Here are a few more pics. The bright blue fish is my fav, Maui. She gets picked on the most but is an AMAZING at hiding. I have to keep an eye on here as its only 2 Hours since they have been put in! The neon tetras are all now in a group (4) they hang out by the mirror in the corner, i think its because the feel they protray a larger group and intimidate others, well see.

I think I might add some rocks to the waterfall to lighten the splash, may make a waterfall cascade with some flat rocks. I will post the finished product tomorrow.

Let me know of any other ideas or info as well as posting your sorority pics too!


----------



## FireKidomaru (Jan 24, 2010)

they are beautiful! and i love your tank!


----------



## bettalover2033 (Feb 17, 2010)

can you post pictures of your bettas?


----------



## doggipoi (Jul 24, 2010)

Cool


----------



## Ajones108 (Jul 7, 2010)

I love the beautiful set-up! It's so original 

Although I wonder... How many gallons is that tub? Standard sorority is at least 20 gallons with 4-7 females otherwise disputes start. And, are those plants plastic?


----------



## BettaBoy84 (Jul 25, 2010)

Hey,

Your right about the size of the tank, it is a little small at just under 15 Gallons. It is long and does provide many spots for the fish to hide out and remain unseen. The 

I am working on a 65 Gallon glass tank now, I am building a river tank and will have a 25 gallon sorority on one side land in the middle for a small (harmless) reptile, and a Male Betta tank on the remaining side. There will also be a range of land and aquatic plants.

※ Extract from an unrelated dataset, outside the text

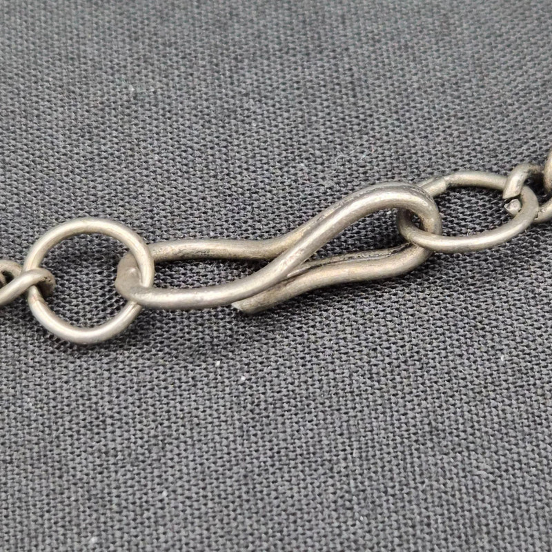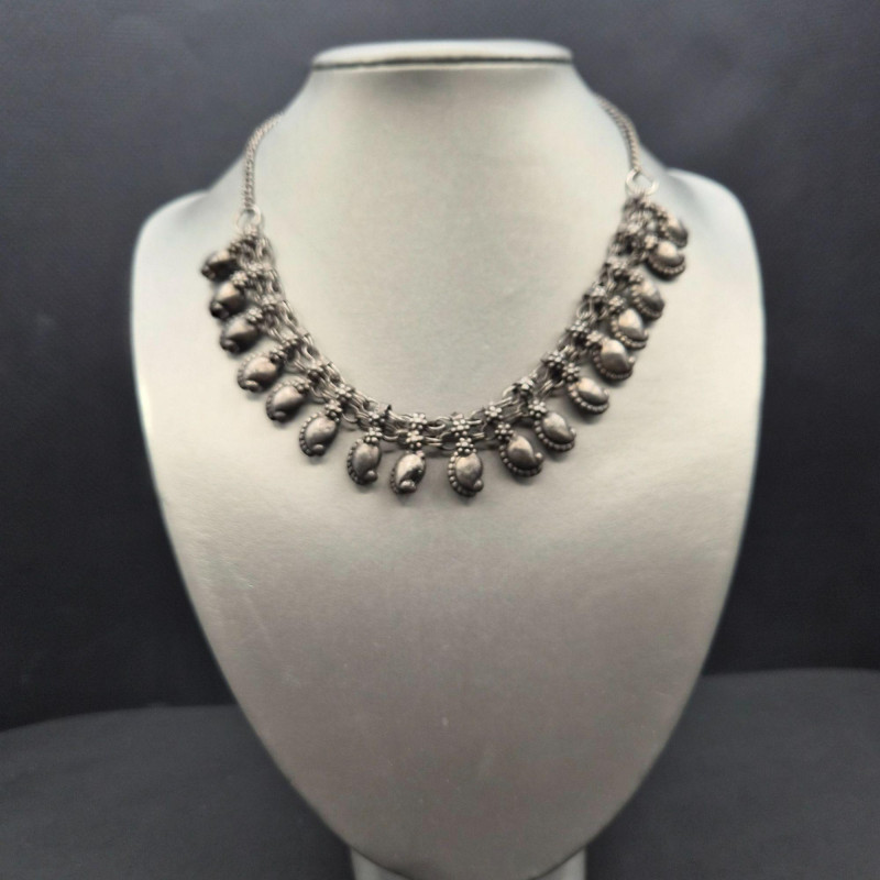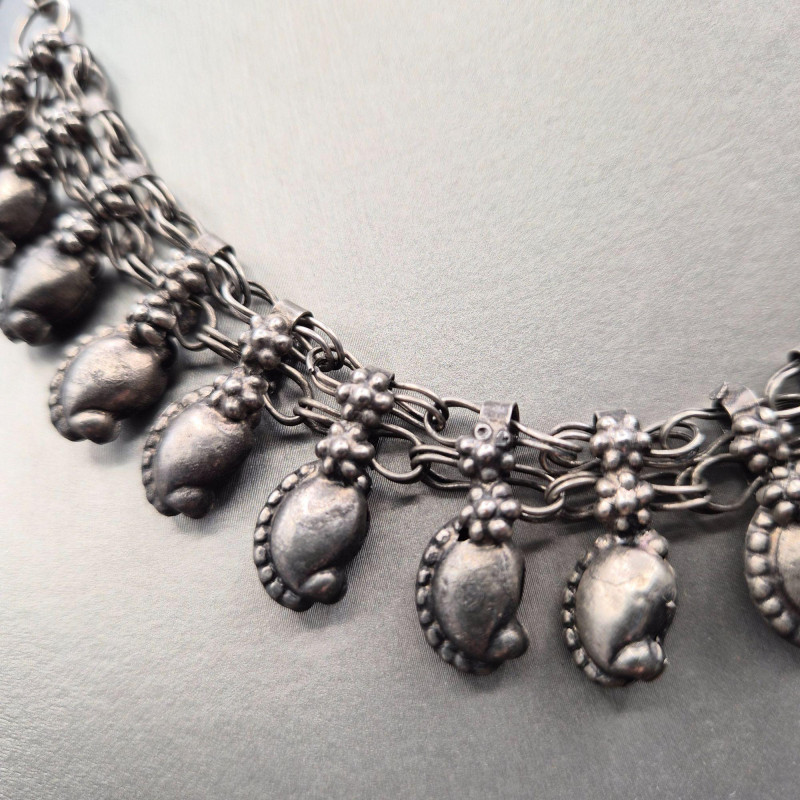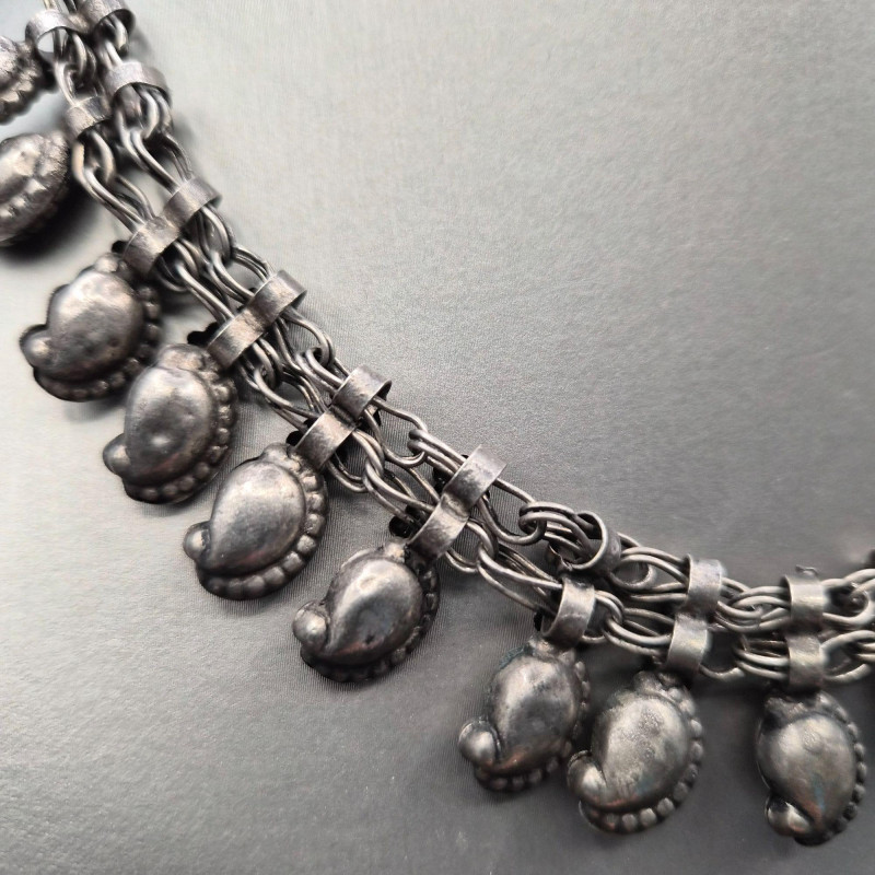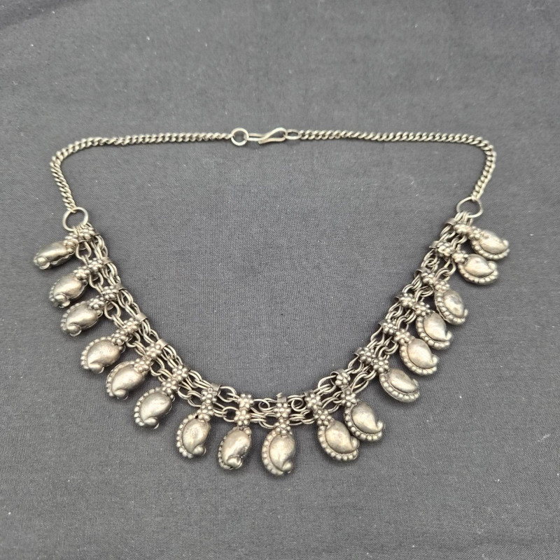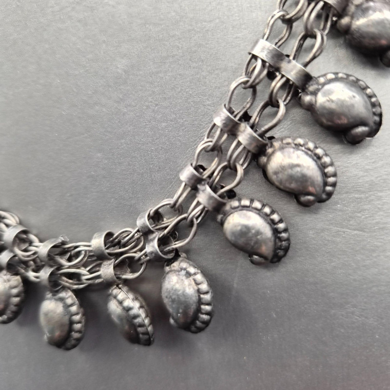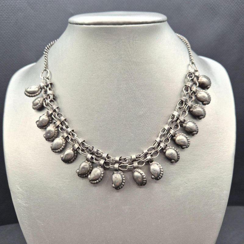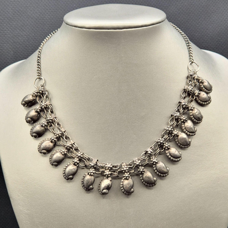 Handmade tribal/ceremonial necklace crafted in silver-toned metal, adorned with decorative hollow paisley-shaped jingle dangles that create gentle movement and sound. Measuring 15.5" in length, this unsigned piece carries an air of authentic craftsmanship and cultural resonance. Perfect for collectors of tribal jewelry, statement pieces, or ethnographic adornments, this necklace embodies both ornament and ritual spirit.

As for my current tank, there are a mix of real and plastic aquarium plants. I will slowly be replacing the plastic with real over the next week.

Below is a picture of Maui and Nemo checking themselves out in the mirror with the neon tetras!

Thanks for the post.

Betta Boy


----------



## Ajones108 (Jul 7, 2010)

Ah okay. It should be okay for a temporary basis then as long as you keep an eye on the females, they can get dominant.


----------



## BettaBoy84 (Jul 25, 2010)

*Pics of My Female Bettas!*

Hey All, as promised here are some pics of my girls, seccond day in the sorority. I have has to remove Maui as she had a lot of nips taken at here back fin. I have given her some BETTA FIX to her water, to help speed healing. I will post progress.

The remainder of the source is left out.